Although Nardouk was doing his best to move smoothly every stride he took jarred Julien's ribs. It felt as if someone was sawing away at them with a rusty knife. The poor boy clenched his teeth and prayed that he could just pass out as quickly as possible.

Suddenly Markya the Sentry froze. She concentrated for a few seconds and then said, “There are two ghorrs about two hundred paces ahead of us.”

Immediately Aïn led them back and over to a street that ran off at right angle from the one they had been following. Nobody raised any objection: to confront even one ghorr was terribly risky, but to try to take on two would be nothing short of suicidal. Every now and again Markya made them stop so that she could check that they weren't running into another ambush, but it seemed that they were escaping the net.

They had been running for about five minutes when they heard the flapping of wings and shrill chirping sounds. Without slowing his pace Dalko told them, “We've been spotted. They're using blackwings, and that one is on its way to warn its master.”

They kept running, because there was nothing else they could do. After what seemed to be an endless time they reached a park and rushed along a maze of paths until they reached a group of ornamental bushes whose pale flowers could be seen despite the darkness.
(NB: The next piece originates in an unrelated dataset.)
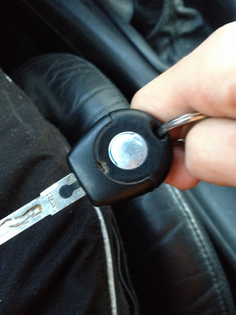 Изчопли го това с отвертка или шило. Намери ключар, купи ново и го залепи на мястото на старото.

Aïn was just about to lead them into the bushes when they heard a deep growl, and at the same time the air was filled with the sickening and unmistakable stench of a ghorr.
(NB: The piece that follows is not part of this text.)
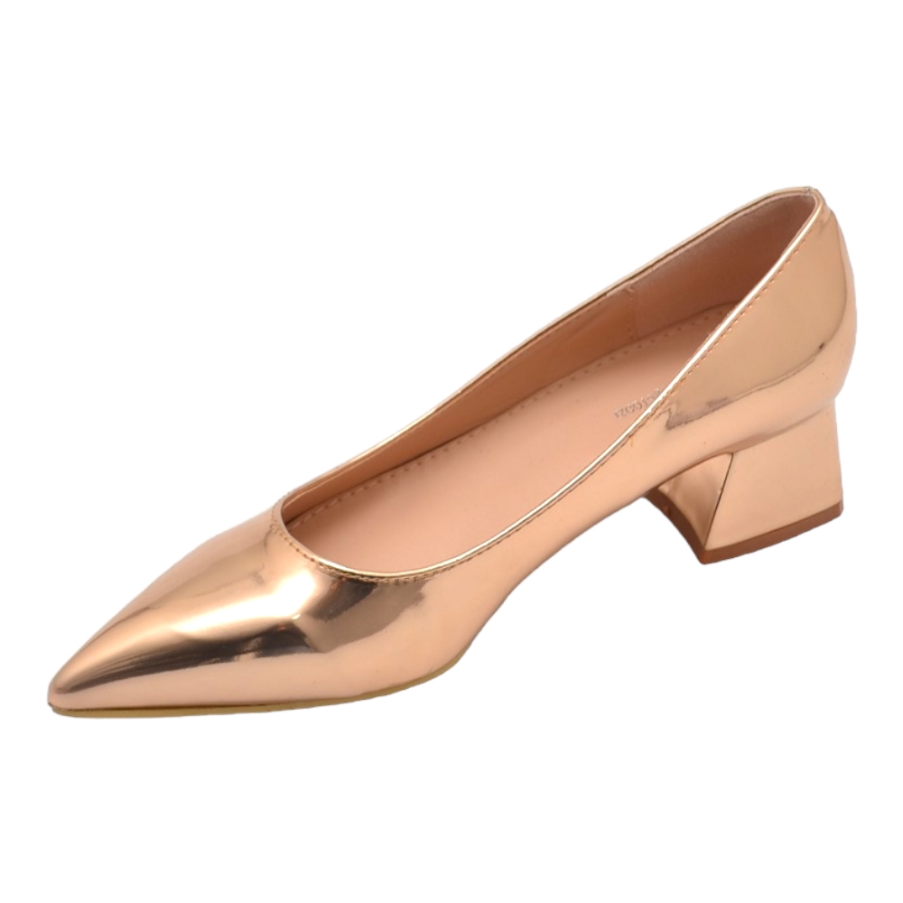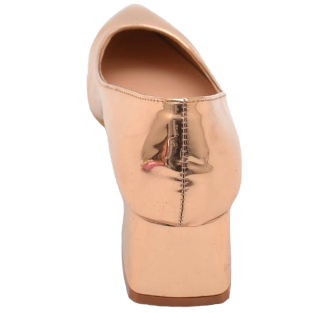 Decollete' donna basso a punta in vernice lucido oro rosa champagne con tacco quadrato 4 cm linea basic

With a horrible feeling of absolute despair Markya realised that she had been completely fooled: whoever her opponent was, he had deliberately given her the impression of being unable to completely hide the location of his ghorrs in order to lull her into a false sense of security. And now they were about to fall into the clutches of a ghorr so perfectly concealed that she had not had the remotest hint of its presence until this instant.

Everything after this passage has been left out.